Filed under: Miscellaneous

It’s good to get confused sometimes, especially if one aims to be honest and not obfuscate. I’m having trouble remembering why I used to get so worked up over universals.

Clearly certain universals are wrong and leave things out. But do all universals leave things out? If so, is that a universally true? If so, what does it leave out? One could modify the claim, saying “all universal claims, except one, leave something out. This is the exceptional one which leaves nothing out.” That seems specious right off the bat. I suspect these aporias just suggest that identity and difference, universal and particular may be a set of concepts of limited utility. At a minimum, constantly railing against universals places one in a position of still being defined by universals.

The political stakes are interesting, though I suspect that one of the confusions that feeds into the energy around some conversations about universals has to do with a slip between universals in the realm of language and truth claims and universals in the realm of political organization. Clearly in the latter case one wants to proceed very carefully, and I’m sympathetic. But it’s not clear that an idea like, say, the correspondence theory of truth (or Christianity, for that matter) is actually directly inimical to nonrepresentative organizational forms. The energy spent in railing against universals in language etc (if anyone’s wondering who is being so vaguely referred to here, my main opponent is myself in a younger form) is probably at least in part energy displaced from genuinely important issues of organization and social life (experiences connected with gender, race, sex, work and so forth).

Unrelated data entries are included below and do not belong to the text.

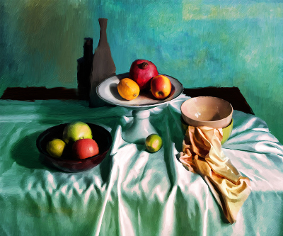Хороша обработка "живопись" Эффект сияющего цвета нравится. Мне кажется, немного выпадают по стилю два контура бутылок слева.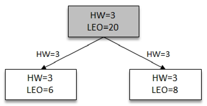上文介绍了副本的恢复是通过Follower副本的LEO和Leader的HW来进行判断,下面介绍LEO与HW之间的变化关系 如下图所示,假如生产者一直往Leader(带阴影的方框)写入消息,其中某一时刻,Leader的LEO为5,其他所有Followers副本(不带阴影)HW都是0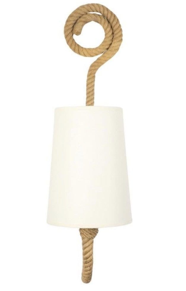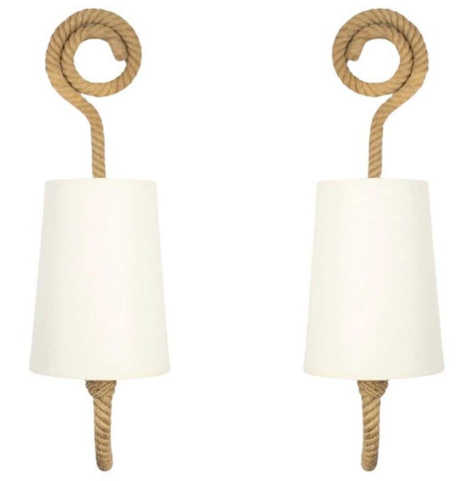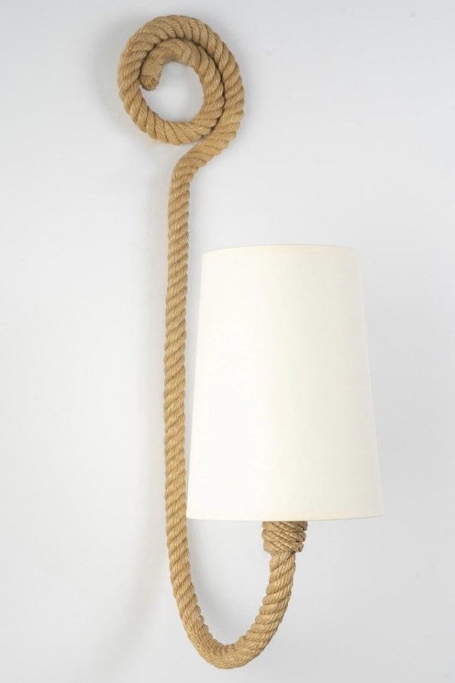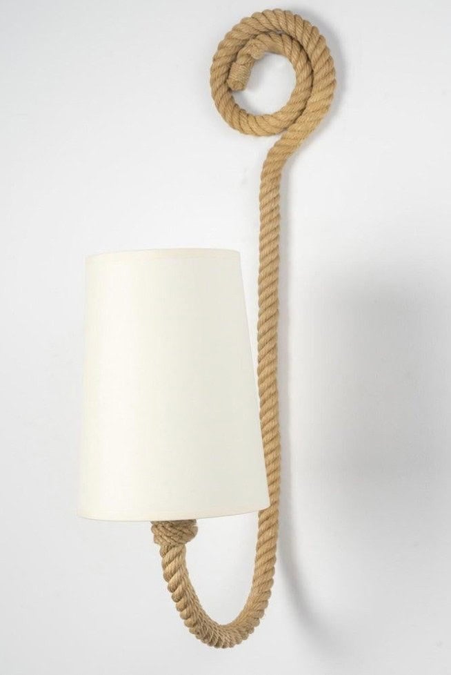 Composées d’un bras en corde qui s’incurve vers l’avant dans sa partie inférieure et est recouvert d’un abat-jour conique en coton blanc cassé retravaillé pour s’harmoniser avec l’ensemble.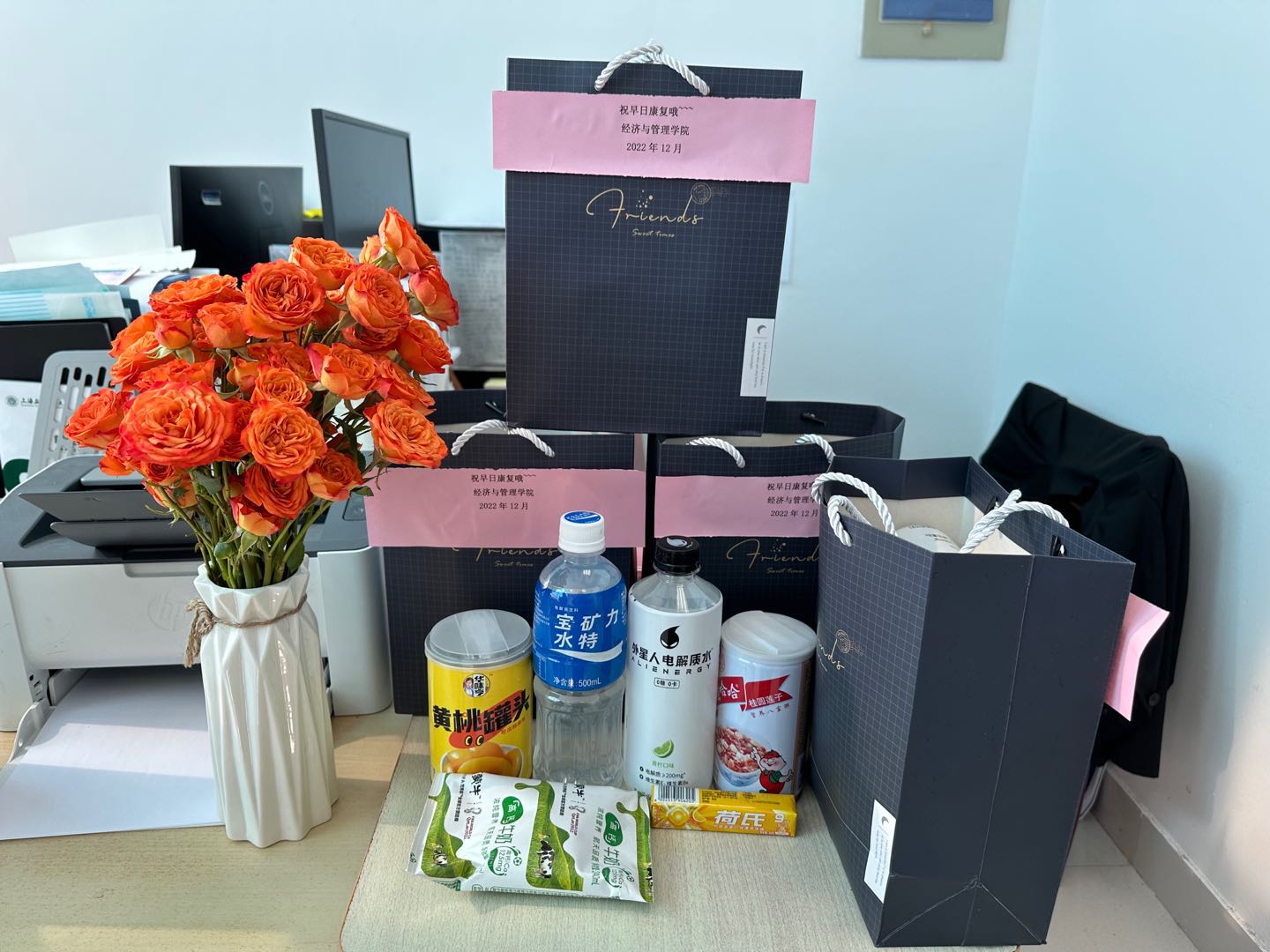 为了不打扰考研同学专心复习,也为了同学们的安全考虑,辅导员老师们挨门挨户将”盲盒“礼袋送到了学生宿舍门口,完成了无接触配送。在特别的时期,将特别的爱,以特别的方式,送给特别的考研学生们。
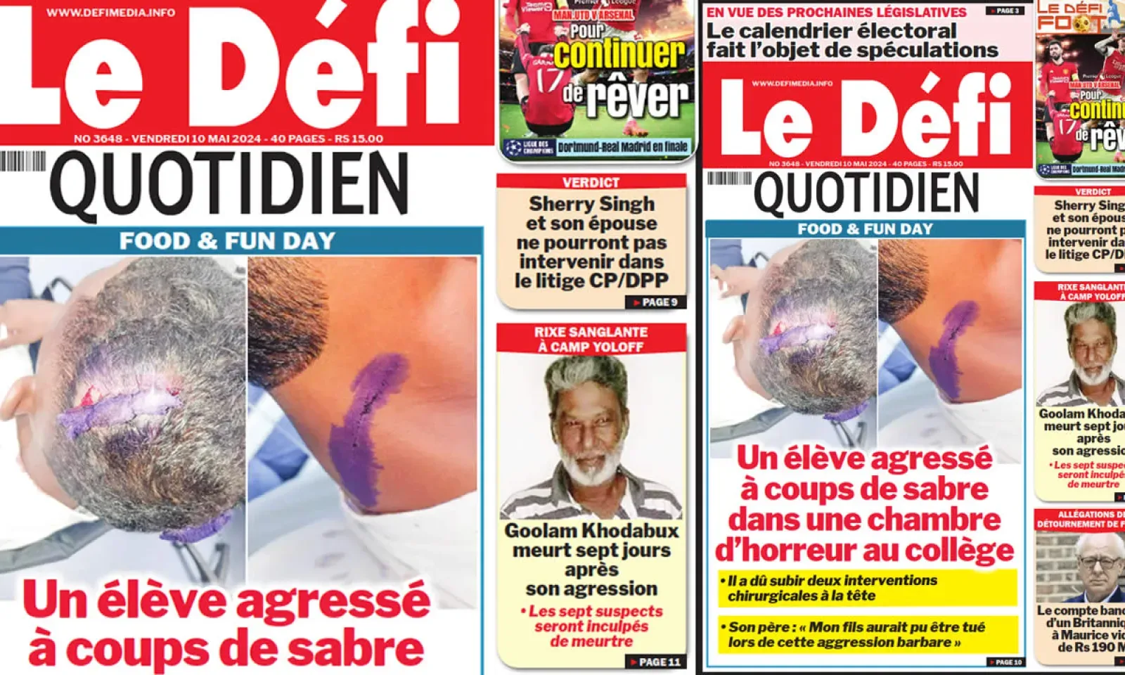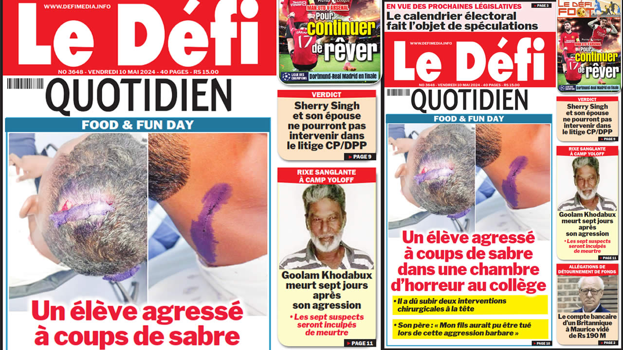 ? Voici la Une du Défi Quotidien. Le journal est en vente à Rs 15 l'exemplaire aux endroits habituels (supermarchés, boutiques, tabagies, superettes). Bonne lecture !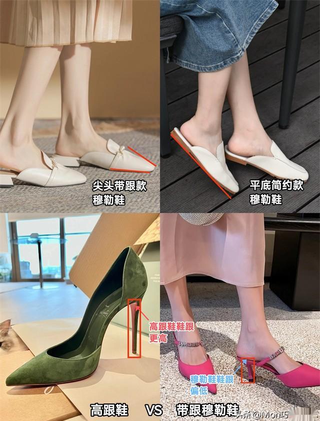 尖头穆勒鞋摩登,平底简约款穆勒鞋低调,带跟绑带款穆勒鞋娇俏可人,都值得一试。带跟款穆勒鞋和高跟鞋最明显的区别就是鞋跟高度:穆勒鞋通常为中低跟,1~3cm的酒杯跟、方跟和猫跟最为常见。
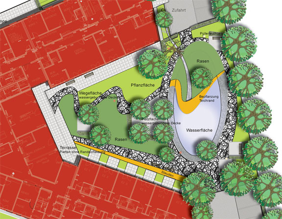 Städtebaus entsprechend, wurde eine ökologische Gestaltung

I found a quote that’s at least tangentially connected to all this (it’s actually what sparked me thinking about this), from Catherine MacKinnon: “sexual politics, in feminism, is not an overarching preexisting general theory that is appealed to in order to understand or explain, but a constantly provisional analysis in the process of being made by the social realities that produce(d) it.” I like that, and would want to say exactly the same of class politics. It’s also important to note that it’s not just an analysis, but a declaration of some kind of loyalities and project.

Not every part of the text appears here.